[Provided records]:
%%
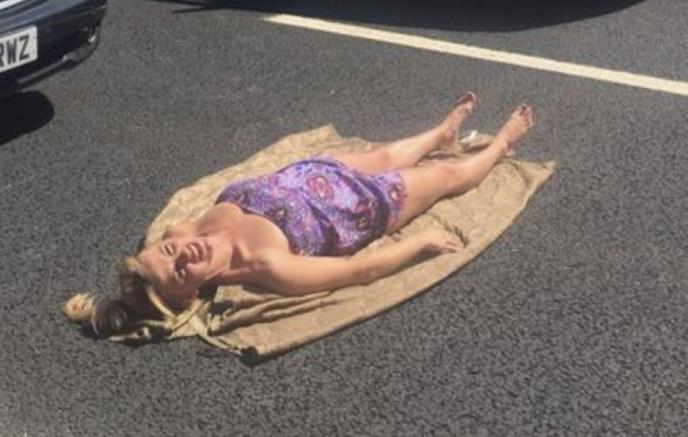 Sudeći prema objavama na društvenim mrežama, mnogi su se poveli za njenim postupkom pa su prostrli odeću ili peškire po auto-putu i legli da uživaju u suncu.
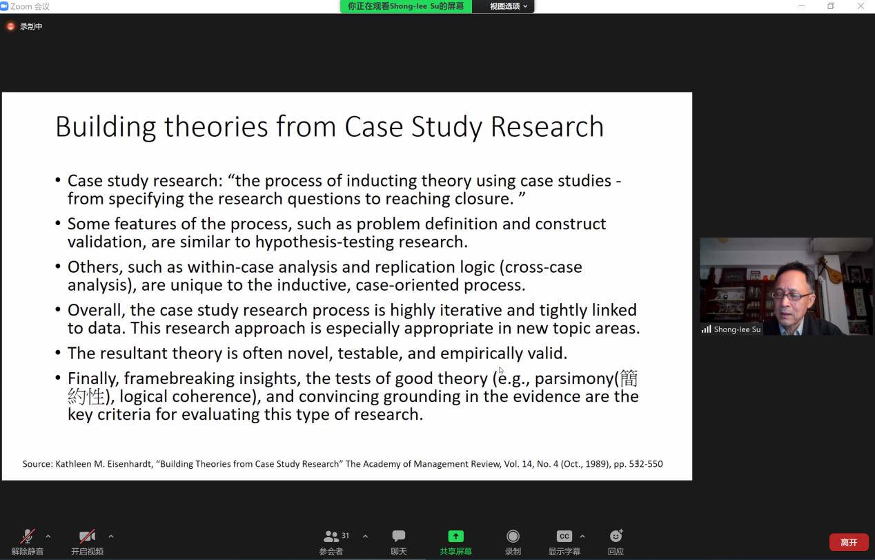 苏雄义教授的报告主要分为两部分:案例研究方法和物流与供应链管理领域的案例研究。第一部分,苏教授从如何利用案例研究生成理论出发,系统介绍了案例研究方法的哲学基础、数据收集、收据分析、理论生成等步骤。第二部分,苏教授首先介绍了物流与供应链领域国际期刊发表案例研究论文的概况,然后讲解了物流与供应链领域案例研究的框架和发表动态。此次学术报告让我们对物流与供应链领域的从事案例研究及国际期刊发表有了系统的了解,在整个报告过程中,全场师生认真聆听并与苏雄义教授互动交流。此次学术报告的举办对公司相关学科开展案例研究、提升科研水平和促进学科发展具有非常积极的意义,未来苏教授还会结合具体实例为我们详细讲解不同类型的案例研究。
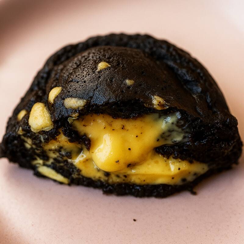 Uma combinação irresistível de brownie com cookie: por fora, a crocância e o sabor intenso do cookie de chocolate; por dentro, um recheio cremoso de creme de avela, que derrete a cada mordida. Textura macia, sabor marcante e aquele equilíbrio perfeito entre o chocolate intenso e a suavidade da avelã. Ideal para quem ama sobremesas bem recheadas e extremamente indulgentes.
%%
%%
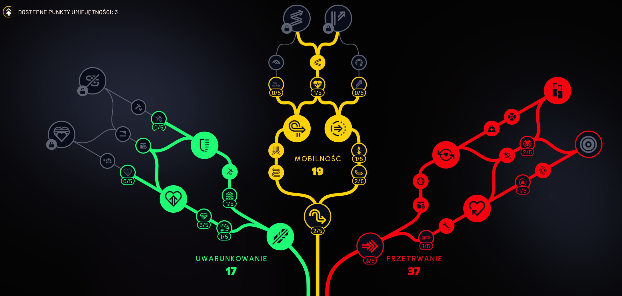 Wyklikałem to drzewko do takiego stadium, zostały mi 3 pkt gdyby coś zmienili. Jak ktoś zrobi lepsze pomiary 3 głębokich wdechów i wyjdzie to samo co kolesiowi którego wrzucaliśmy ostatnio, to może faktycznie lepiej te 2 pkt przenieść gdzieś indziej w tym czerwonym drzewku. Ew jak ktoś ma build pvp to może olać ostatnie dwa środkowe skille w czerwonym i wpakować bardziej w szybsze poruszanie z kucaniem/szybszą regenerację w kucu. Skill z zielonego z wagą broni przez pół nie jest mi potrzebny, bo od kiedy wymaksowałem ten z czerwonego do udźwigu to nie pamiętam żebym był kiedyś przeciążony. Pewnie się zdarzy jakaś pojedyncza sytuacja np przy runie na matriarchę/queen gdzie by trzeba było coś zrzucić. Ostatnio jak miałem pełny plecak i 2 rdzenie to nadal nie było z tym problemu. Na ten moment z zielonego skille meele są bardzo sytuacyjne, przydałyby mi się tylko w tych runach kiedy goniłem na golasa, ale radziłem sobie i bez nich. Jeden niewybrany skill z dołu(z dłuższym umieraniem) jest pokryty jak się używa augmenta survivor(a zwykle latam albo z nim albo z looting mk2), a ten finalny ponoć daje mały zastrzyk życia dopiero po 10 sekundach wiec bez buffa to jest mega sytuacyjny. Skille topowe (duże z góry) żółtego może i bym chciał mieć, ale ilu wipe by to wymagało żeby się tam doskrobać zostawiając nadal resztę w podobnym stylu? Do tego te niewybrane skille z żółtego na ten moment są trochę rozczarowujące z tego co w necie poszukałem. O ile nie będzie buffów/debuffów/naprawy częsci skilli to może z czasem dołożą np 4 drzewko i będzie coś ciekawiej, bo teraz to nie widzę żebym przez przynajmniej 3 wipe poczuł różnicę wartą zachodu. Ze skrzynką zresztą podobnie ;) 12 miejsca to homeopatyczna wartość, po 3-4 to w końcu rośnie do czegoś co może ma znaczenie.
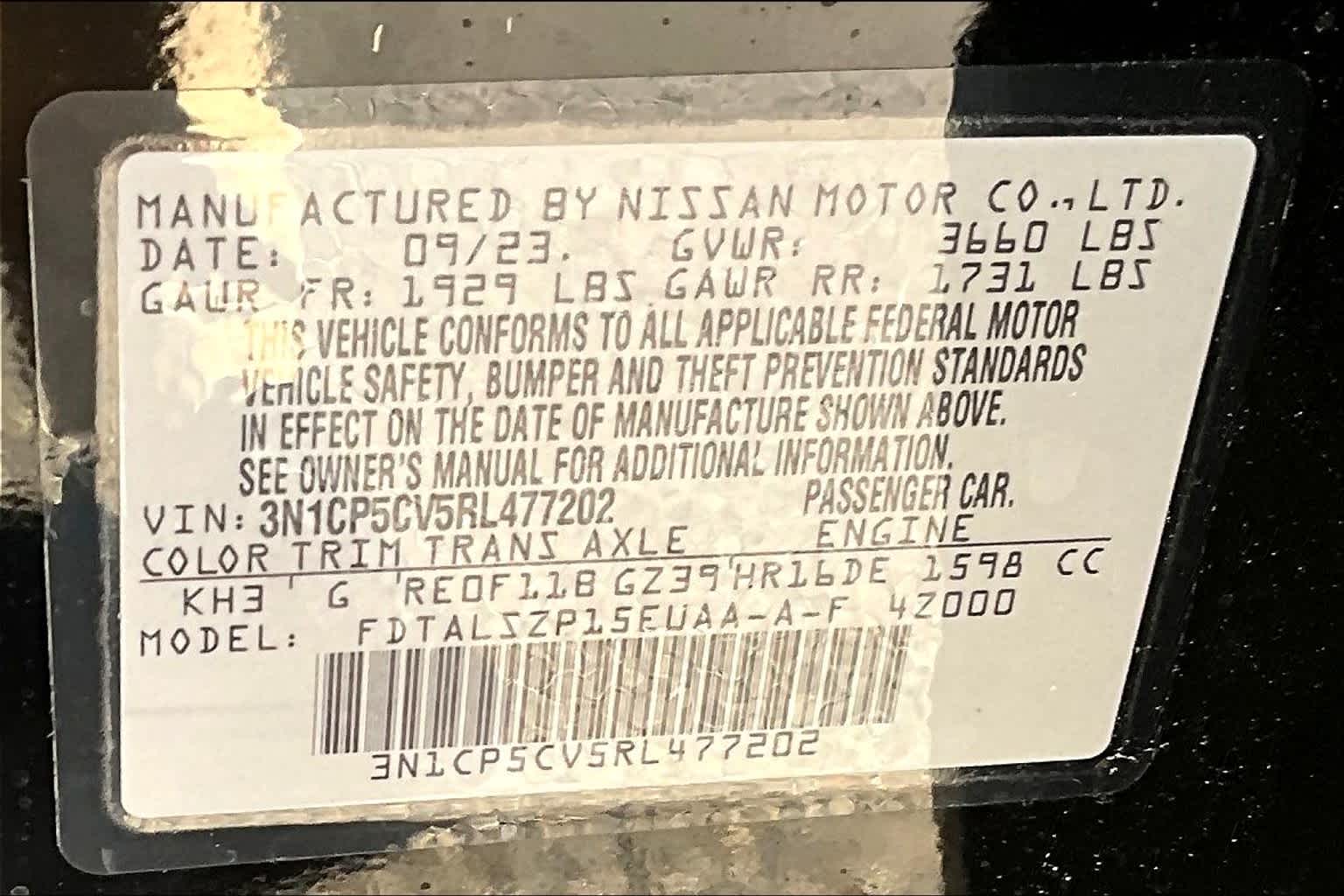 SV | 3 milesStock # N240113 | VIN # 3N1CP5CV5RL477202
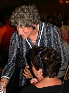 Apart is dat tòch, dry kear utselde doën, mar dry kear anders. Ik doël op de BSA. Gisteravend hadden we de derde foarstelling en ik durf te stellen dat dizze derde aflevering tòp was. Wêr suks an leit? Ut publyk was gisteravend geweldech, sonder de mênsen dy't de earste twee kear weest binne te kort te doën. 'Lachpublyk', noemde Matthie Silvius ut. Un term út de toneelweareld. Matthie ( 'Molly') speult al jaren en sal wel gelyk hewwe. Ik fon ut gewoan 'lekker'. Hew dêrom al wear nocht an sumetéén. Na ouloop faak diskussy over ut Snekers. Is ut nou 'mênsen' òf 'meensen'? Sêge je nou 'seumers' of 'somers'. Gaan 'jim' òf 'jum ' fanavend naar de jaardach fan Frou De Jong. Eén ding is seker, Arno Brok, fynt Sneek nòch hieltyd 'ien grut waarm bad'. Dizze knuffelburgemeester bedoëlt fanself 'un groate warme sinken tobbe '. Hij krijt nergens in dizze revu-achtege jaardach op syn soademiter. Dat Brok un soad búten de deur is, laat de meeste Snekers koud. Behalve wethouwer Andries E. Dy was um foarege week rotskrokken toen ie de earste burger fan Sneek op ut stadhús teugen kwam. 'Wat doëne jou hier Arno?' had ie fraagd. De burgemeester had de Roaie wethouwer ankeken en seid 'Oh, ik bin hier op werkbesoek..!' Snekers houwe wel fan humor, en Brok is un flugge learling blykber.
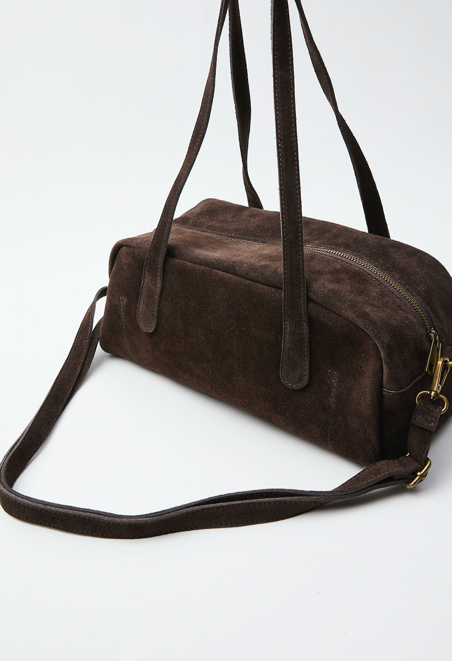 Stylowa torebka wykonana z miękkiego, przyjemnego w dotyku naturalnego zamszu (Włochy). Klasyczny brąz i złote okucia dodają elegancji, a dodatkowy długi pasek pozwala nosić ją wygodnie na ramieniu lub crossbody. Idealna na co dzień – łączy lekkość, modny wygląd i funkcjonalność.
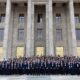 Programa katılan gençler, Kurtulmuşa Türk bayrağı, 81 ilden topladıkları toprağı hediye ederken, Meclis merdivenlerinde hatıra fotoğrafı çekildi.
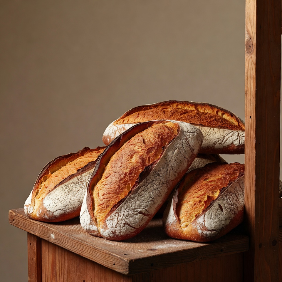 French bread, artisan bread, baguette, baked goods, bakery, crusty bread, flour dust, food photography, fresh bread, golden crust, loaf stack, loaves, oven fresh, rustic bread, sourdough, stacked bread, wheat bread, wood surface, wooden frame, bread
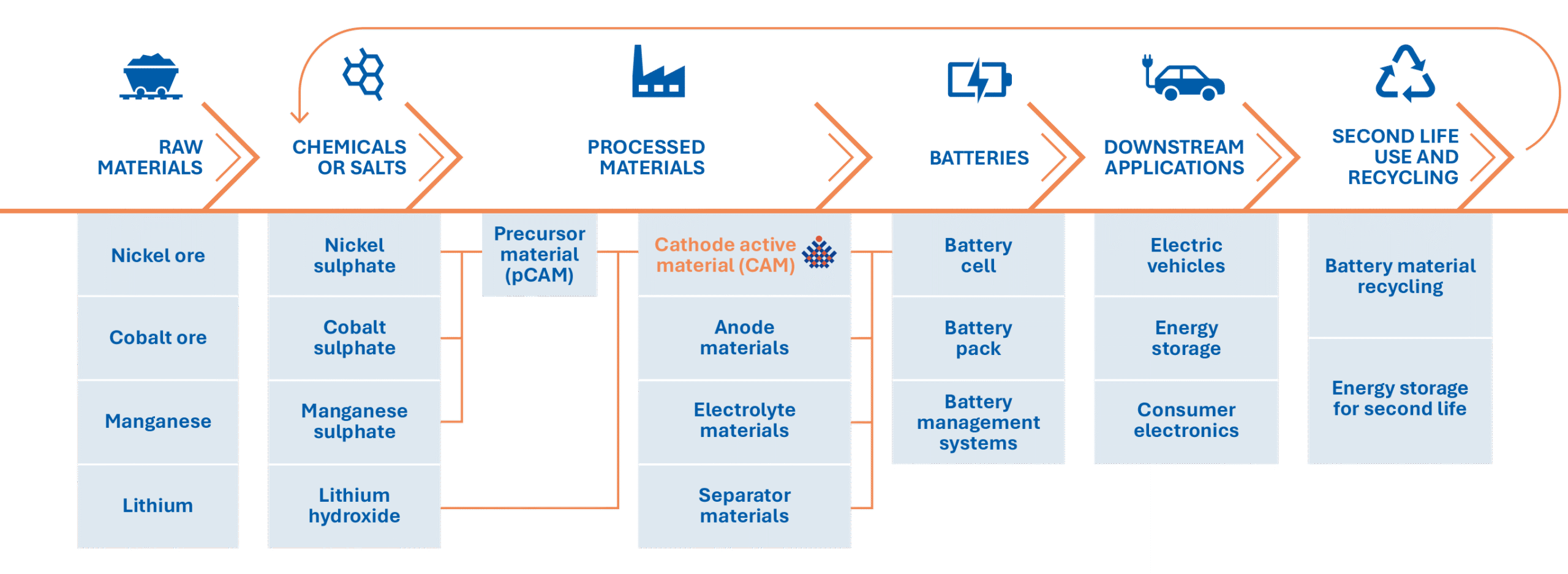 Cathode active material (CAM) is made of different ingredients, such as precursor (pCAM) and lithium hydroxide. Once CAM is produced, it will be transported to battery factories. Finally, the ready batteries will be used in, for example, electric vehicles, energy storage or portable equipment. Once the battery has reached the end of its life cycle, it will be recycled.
%%
%%
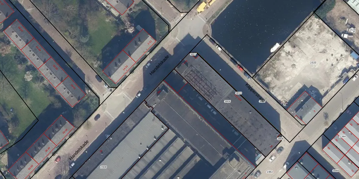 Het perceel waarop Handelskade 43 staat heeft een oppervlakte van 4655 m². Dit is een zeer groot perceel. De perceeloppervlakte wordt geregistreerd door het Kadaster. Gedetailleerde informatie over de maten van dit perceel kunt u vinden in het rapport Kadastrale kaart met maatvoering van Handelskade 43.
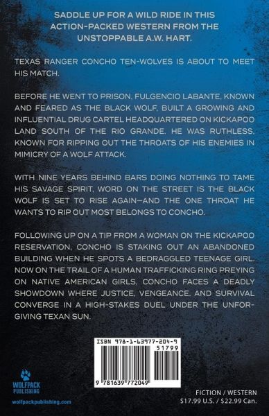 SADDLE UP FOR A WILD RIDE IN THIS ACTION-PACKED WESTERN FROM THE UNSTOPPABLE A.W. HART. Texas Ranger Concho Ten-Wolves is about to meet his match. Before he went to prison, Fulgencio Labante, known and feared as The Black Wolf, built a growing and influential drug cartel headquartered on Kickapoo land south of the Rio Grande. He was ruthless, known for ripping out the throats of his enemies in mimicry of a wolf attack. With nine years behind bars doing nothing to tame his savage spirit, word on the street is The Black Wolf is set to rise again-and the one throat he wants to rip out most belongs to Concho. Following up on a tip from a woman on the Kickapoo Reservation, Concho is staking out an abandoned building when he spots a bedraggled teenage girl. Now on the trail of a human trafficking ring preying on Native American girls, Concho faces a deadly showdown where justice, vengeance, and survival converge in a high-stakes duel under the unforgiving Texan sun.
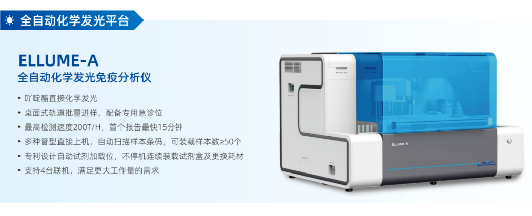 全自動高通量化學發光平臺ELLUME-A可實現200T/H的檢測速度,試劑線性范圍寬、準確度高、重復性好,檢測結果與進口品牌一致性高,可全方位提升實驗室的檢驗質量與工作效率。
%%
Your copy should hold only the lines above from the one containing "French bread, artisan" through the one containing "Cathode active material", exactly as written and free of pictures.

[Result for this exercise]:
 French bread, artisan bread, baguette, baked goods, bakery, crusty bread, flour dust, food photography, fresh bread, golden crust, loaf stack, loaves, oven fresh, rustic bread, sourdough, stacked bread, wheat bread, wood surface, wooden frame, bread
 Cathode active material (CAM) is made of different ingredients, such as precursor (pCAM) and lithium hydroxide. Once CAM is produced, it will be transported to battery factories. Finally, the ready batteries will be used in, for example, electric vehicles, energy storage or portable equipment. Once the battery has reached the end of its life cycle, it will be recycled.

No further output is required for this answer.